- What you are asked to do -
Below are records to transcribe exactly, without their pictures.

- Data for this task -
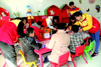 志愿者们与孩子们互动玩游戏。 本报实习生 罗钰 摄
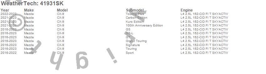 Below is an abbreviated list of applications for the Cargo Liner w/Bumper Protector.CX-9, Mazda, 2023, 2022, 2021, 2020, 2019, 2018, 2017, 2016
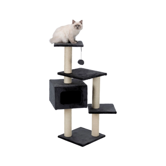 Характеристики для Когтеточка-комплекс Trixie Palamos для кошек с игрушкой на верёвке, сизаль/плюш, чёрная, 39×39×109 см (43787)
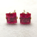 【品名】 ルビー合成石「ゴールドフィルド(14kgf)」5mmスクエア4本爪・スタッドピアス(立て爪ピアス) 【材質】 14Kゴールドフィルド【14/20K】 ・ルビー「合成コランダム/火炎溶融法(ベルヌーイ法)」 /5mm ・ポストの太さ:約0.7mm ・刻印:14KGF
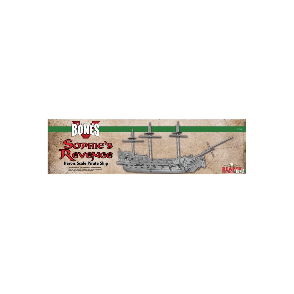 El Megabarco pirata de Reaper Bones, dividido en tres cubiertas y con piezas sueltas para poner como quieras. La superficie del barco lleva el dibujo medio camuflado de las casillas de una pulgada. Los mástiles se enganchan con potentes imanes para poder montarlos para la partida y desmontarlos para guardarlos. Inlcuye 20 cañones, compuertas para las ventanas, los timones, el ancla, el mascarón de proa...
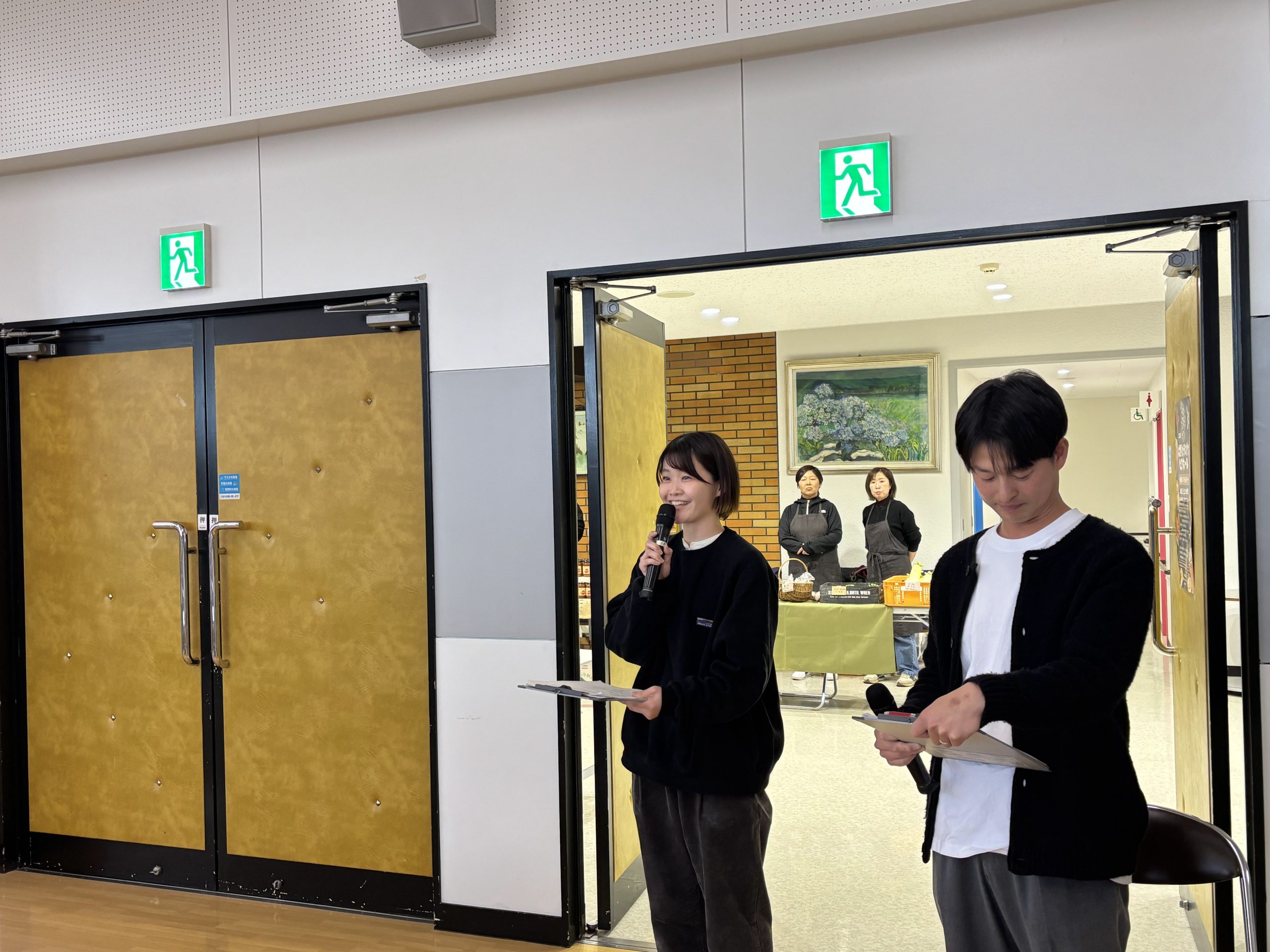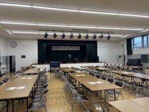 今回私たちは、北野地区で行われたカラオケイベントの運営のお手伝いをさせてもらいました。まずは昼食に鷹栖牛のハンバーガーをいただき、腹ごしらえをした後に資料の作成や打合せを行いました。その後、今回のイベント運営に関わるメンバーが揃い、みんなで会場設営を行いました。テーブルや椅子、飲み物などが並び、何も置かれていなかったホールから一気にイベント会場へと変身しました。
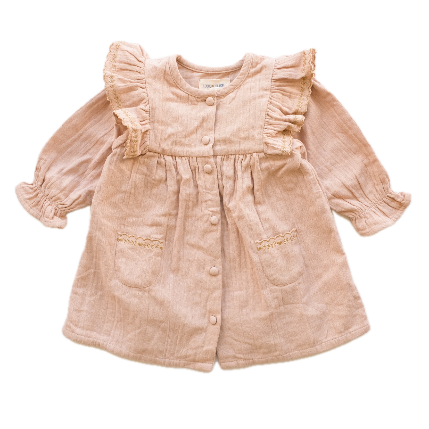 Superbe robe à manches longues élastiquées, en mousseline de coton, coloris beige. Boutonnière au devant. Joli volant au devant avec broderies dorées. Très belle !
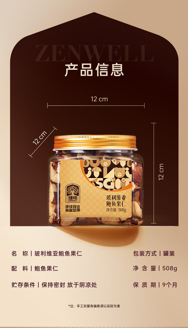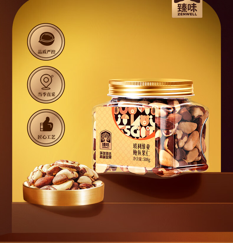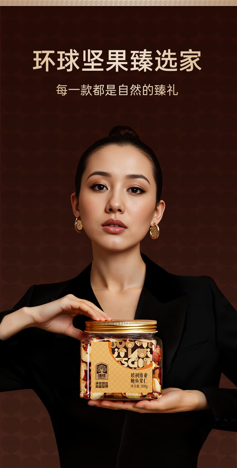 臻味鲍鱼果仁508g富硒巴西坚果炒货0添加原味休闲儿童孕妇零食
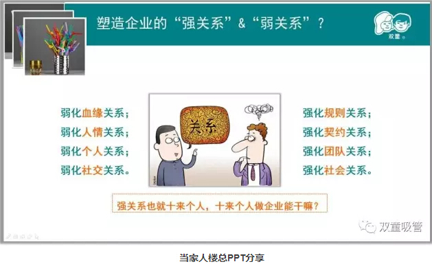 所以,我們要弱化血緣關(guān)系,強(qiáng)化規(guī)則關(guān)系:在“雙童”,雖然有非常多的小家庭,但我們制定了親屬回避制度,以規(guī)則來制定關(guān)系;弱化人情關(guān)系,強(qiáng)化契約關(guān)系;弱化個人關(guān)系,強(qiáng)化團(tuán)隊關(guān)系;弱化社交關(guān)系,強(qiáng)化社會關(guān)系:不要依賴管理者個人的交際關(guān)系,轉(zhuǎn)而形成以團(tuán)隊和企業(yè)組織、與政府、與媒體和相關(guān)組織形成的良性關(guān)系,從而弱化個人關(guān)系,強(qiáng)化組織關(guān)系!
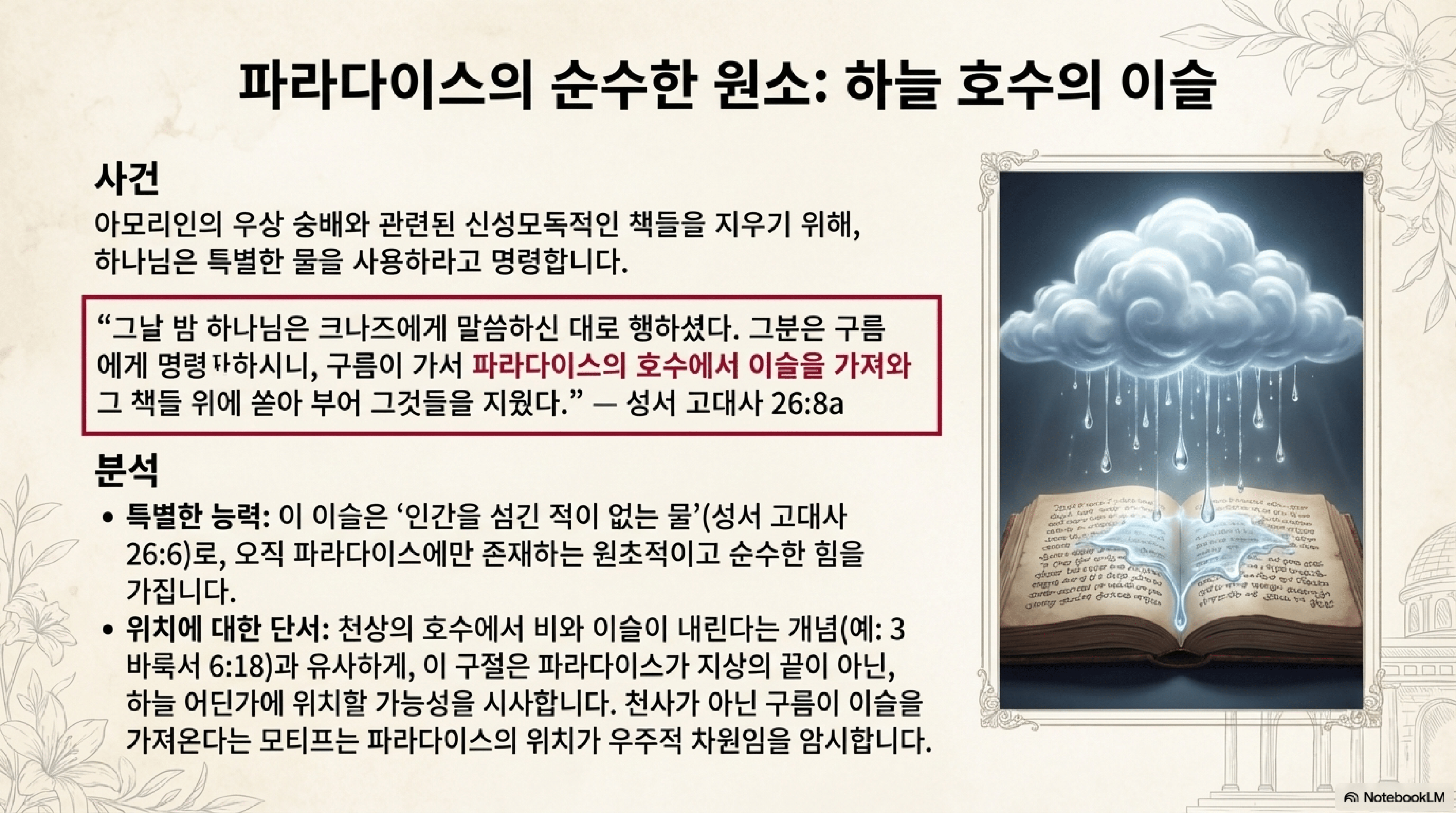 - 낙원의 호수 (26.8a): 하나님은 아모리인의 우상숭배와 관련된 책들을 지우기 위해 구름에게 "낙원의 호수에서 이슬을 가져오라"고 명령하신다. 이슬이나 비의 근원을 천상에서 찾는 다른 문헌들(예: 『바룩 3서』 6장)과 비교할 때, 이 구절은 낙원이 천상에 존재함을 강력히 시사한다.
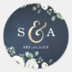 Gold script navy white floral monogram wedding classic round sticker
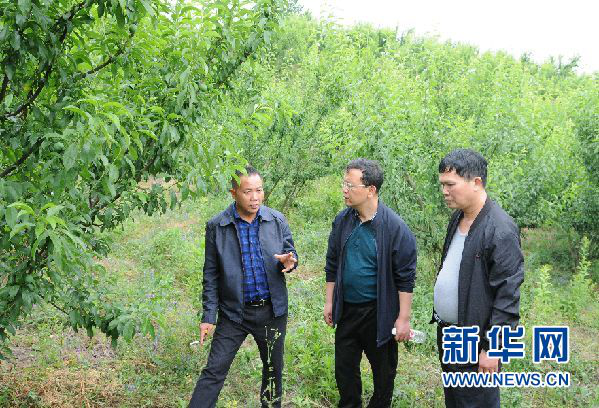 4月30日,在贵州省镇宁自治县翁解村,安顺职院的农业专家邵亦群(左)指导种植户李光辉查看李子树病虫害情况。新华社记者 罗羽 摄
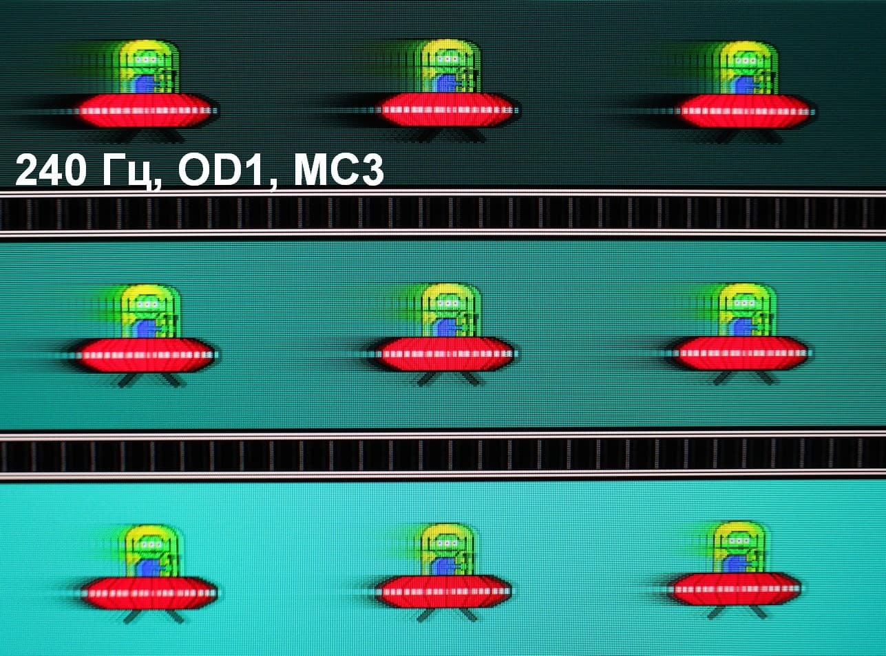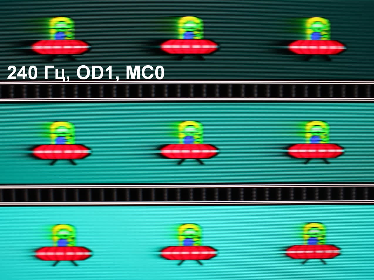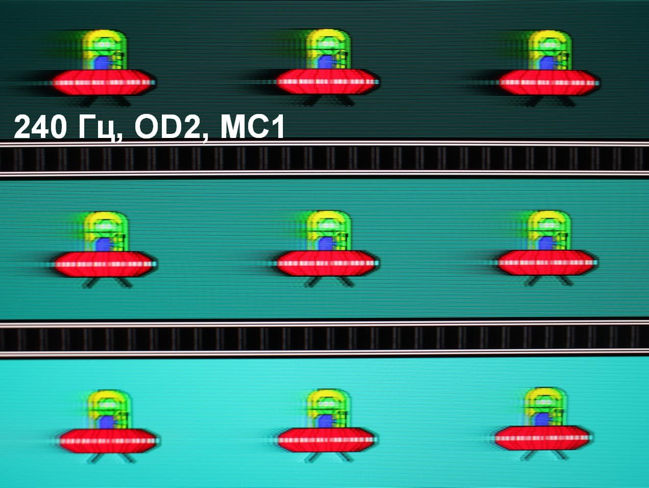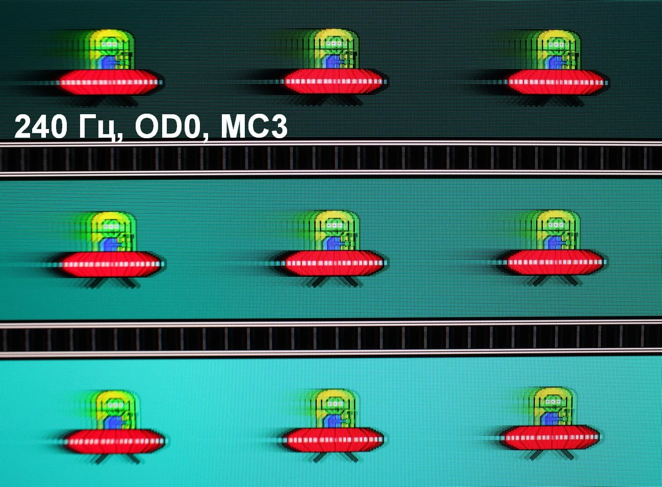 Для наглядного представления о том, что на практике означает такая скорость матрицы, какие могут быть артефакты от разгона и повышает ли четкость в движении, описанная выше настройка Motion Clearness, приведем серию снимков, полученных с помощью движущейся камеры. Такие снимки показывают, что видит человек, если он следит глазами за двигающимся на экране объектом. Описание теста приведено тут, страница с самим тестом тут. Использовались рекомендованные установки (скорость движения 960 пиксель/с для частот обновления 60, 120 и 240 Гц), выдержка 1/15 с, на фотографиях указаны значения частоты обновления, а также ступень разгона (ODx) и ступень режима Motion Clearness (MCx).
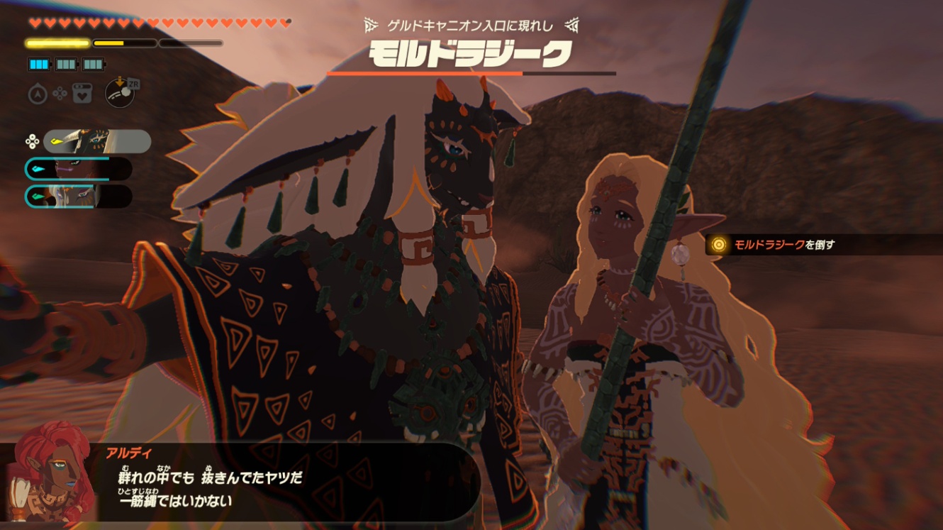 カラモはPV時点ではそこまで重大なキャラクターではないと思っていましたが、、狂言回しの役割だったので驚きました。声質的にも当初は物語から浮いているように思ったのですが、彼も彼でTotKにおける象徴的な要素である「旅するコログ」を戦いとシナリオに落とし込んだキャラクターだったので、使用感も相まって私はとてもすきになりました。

- Answer below -
 志愿者们与孩子们互动玩游戏。 本报实习生 罗钰 摄
 Below is an abbreviated list of applications for the Cargo Liner w/Bumper Protector.CX-9, Mazda, 2023, 2022, 2021, 2020, 2019, 2018, 2017, 2016
 Характеристики для Когтеточка-комплекс Trixie Palamos для кошек с игрушкой на верёвке, сизаль/плюш, чёрная, 39×39×109 см (43787)
 【品名】 ルビー合成石「ゴールドフィルド(14kgf)」5mmスクエア4本爪・スタッドピアス(立て爪ピアス) 【材質】 14Kゴールドフィルド【14/20K】 ・ルビー「合成コランダム/火炎溶融法(ベルヌーイ法)」 /5mm ・ポストの太さ:約0.7mm ・刻印:14KGF
 El Megabarco pirata de Reaper Bones, dividido en tres cubiertas y con piezas sueltas para poner como quieras. La superficie del barco lleva el dibujo medio camuflado de las casillas de una pulgada. Los mástiles se enganchan con potentes imanes para poder montarlos para la partida y desmontarlos para guardarlos. Inlcuye 20 cañones, compuertas para las ventanas, los timones, el ancla, el mascarón de proa...
 今回私たちは、北野地区で行われたカラオケイベントの運営のお手伝いをさせてもらいました。まずは昼食に鷹栖牛のハンバーガーをいただき、腹ごしらえをした後に資料の作成や打合せを行いました。その後、今回のイベント運営に関わるメンバーが揃い、みんなで会場設営を行いました。テーブルや椅子、飲み物などが並び、何も置かれていなかったホールから一気にイベント会場へと変身しました。
 Superbe robe à manches longues élastiquées, en mousseline de coton, coloris beige. Boutonnière au devant. Joli volant au devant avec broderies dorées. Très belle !
 臻味鲍鱼果仁508g富硒巴西坚果炒货0添加原味休闲儿童孕妇零食
 所以,我們要弱化血緣關(guān)系,強(qiáng)化規(guī)則關(guān)系:在“雙童”,雖然有非常多的小家庭,但我們制定了親屬回避制度,以規(guī)則來制定關(guān)系;弱化人情關(guān)系,強(qiáng)化契約關(guān)系;弱化個人關(guān)系,強(qiáng)化團(tuán)隊關(guān)系;弱化社交關(guān)系,強(qiáng)化社會關(guān)系:不要依賴管理者個人的交際關(guān)系,轉(zhuǎn)而形成以團(tuán)隊和企業(yè)組織、與政府、與媒體和相關(guān)組織形成的良性關(guān)系,從而弱化個人關(guān)系,強(qiáng)化組織關(guān)系!
 - 낙원의 호수 (26.8a): 하나님은 아모리인의 우상숭배와 관련된 책들을 지우기 위해 구름에게 "낙원의 호수에서 이슬을 가져오라"고 명령하신다. 이슬이나 비의 근원을 천상에서 찾는 다른 문헌들(예: 『바룩 3서』 6장)과 비교할 때, 이 구절은 낙원이 천상에 존재함을 강력히 시사한다.
 Gold script navy white floral monogram wedding classic round sticker
 4月30日,在贵州省镇宁自治县翁解村,安顺职院的农业专家邵亦群(左)指导种植户李光辉查看李子树病虫害情况。新华社记者 罗羽 摄
 Для наглядного представления о том, что на практике означает такая скорость матрицы, какие могут быть артефакты от разгона и повышает ли четкость в движении, описанная выше настройка Motion Clearness, приведем серию снимков, полученных с помощью движущейся камеры. Такие снимки показывают, что видит человек, если он следит глазами за двигающимся на экране объектом. Описание теста приведено тут, страница с самим тестом тут. Использовались рекомендованные установки (скорость движения 960 пиксель/с для частот обновления 60, 120 и 240 Гц), выдержка 1/15 с, на фотографиях указаны значения частоты обновления, а также ступень разгона (ODx) и ступень режима Motion Clearness (MCx).
 カラモはPV時点ではそこまで重大なキャラクターではないと思っていましたが、、狂言回しの役割だったので驚きました。声質的にも当初は物語から浮いているように思ったのですが、彼も彼でTotKにおける象徴的な要素である「旅するコログ」を戦いとシナリオに落とし込んだキャラクターだったので、使用感も相まって私はとてもすきになりました。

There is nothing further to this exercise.